Квартира его была увешана старинными фотографиями и диковинными масками, наполнена странными предметами, вроде засушенного крокодила или шарообразной и усеянной мелкими острыми шипами засушенной рыбы. Однако во всем этом не чувствовалось навязчивости или чудачества. Все понимали, что это – особенности того мира, откуда пришел этот сидящий на диване величественный высокий старик в шитой серебром тюбетейке с проницательным и ясным взглядом больших серых глаз. Даже странно было думать, что все это в нем заложили лишь от силы полтора первых десятилетия жизни, слепившие натуру. Характер же и волю ковали трудности последующих лет.

Мальчишкой он пас коров, чтобы прокормить мать с сестрой и маленького брата, коров знал по именам, но теперь уже не своих, а «общественных», приносил матери стопки ветхих бумажек и курил самосад, которым выдавали ему часть заработка. Он валялся по тифозным баракам, сжимая в руке старинную иконку, которую носили его отец, дед и прадед.

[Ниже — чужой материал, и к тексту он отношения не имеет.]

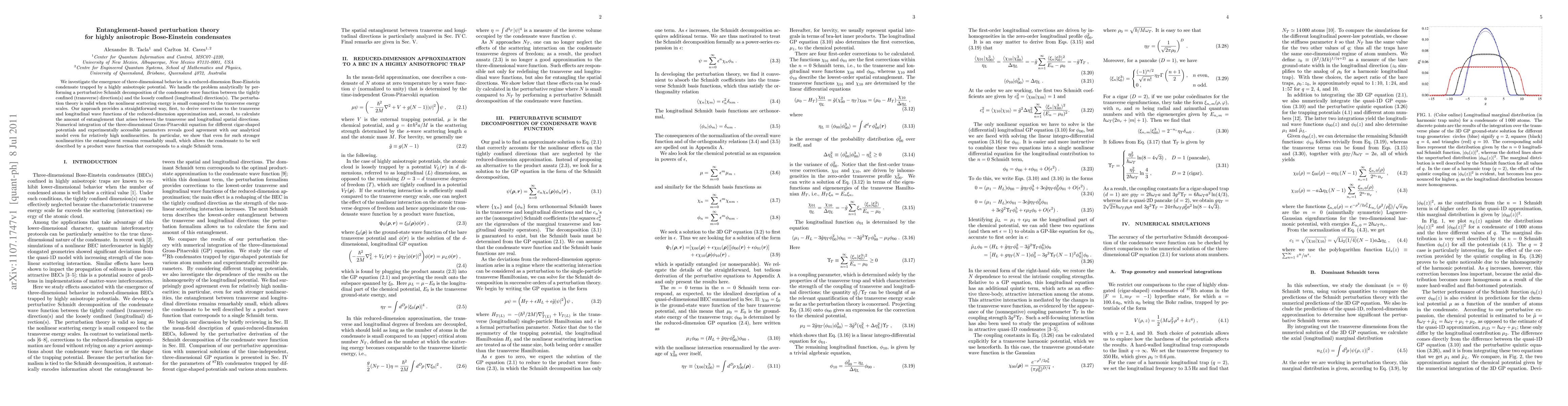 This paper develops an analytical entanglement-based perturbation theory for highly anisotropic Bose-Einstein condensates, showing that despite strong nonlinearities, the entanglement between transverse and longitudinal directions remains minimal, allowing the condensate to be well described by a single Schmidt term. The theory is validated through numerical integration of the Gross-Pitaevskii equation.

«Когда я учился в школе на Арбате, – рассказывал мне дед, – нас учили крутить на перекладине “солнце”. У меня не сразу получалось, и я ходил после уроков в гимнастический зал и тренировался там, и крутил, и крутил. Но занимался я один и не обращал внимания на то, что руки надо было пудрить тальком. И докрутился до того, что кожа у меня на руках болталась, как перчатка, а я не мог понять, как можно быть гимнастом и сносить такую боль. Начнешь крутить, а кожа наматывается слегка на турник».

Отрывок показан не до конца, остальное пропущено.